Sound people complain, and we should complain because of our low status in storytelling relative to the importance of our contribution.  But progress gets made.  Larry Blake reminded me a few days ago about Murray Spivack, a mixer whose films won 11 Academy Awards for sound, but he only got two of them.  Murray mixed from the 1930’s to the 1960’s, and before the 60’s the Sound Oscar went not to the people who actually did the sound work but instead to the bureaucrats who ran the sound departments at the big studios.  I guess the idea was that sound was a communal effort.  Of course the visuals were a communal effort too, but you can bet that the cinematographer, not the head of the camera department at the studio, was always the one up there on the stage to accept the statuette.  Sound editors didn’t get Oscars on a regular basis until the 1980’s.
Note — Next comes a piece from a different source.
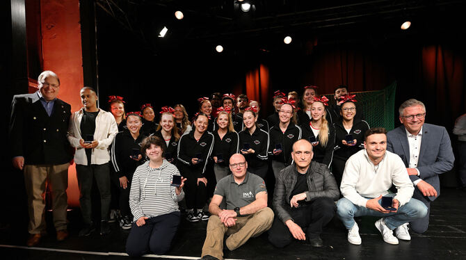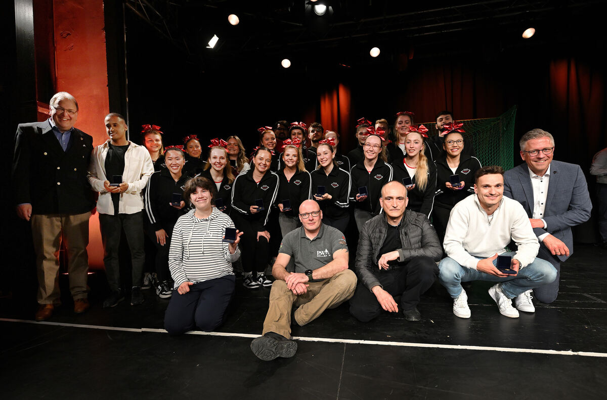 Einige der geehrten Sportler mit OB Thomas Keck (links) und Finanzbürgermeister Roland Wintzen (rechts).
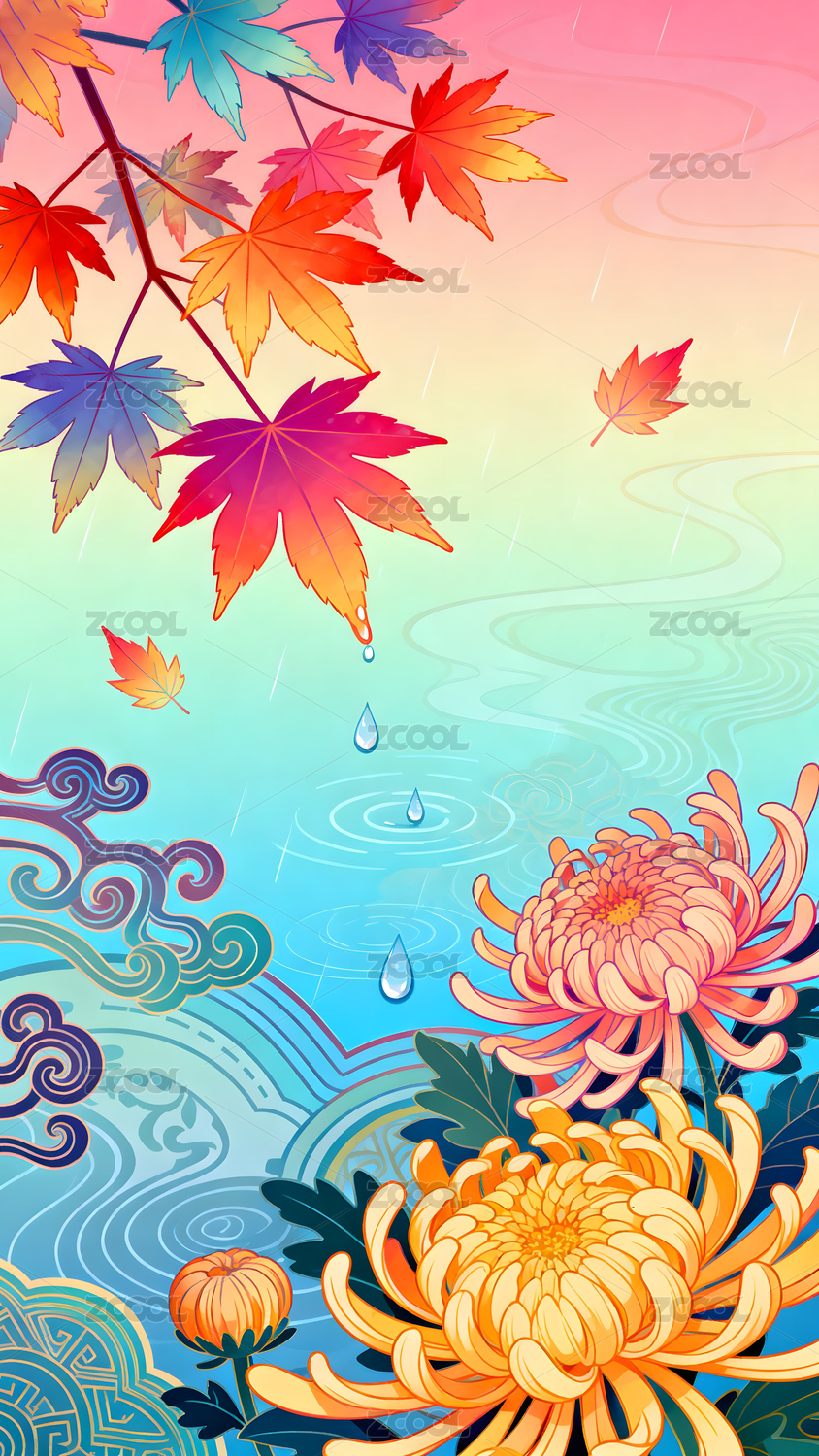 菊花山水国潮节日插画

Though the budgets continue to get smaller, and schedules shorter, there are other reasons to be optimistic.  One is the Sundance Institute’s annual Music and Sound Design Lab at Skywalker Sound.  Young filmmakers are introduced to the idea that the time to begin thinking seriously about the sound in their movies is in pre-production, and I can testify that it’s a joy to see that light bulb flashing on in their heads.  Nothing to complain about there.

Randy Thom

 

Larry Blake:   http://www.imdb.com/name/nm0086626/?ref_=fn_al_nm_2

Murray Spivack :   http://www.imdb.com/name/nm0819203/?ref_=fn_al_nm_1

http://www.sundance.org/blogs/news/2016-skywalker-sound-film-composers-sound-design-lab

 

 

 

One thought

  1. Well said. Since it is also an invisible format and no qualification is actually in place for most industries when it comes to sound, anyone can have an opinion. Because of this it is often an after thought to productions.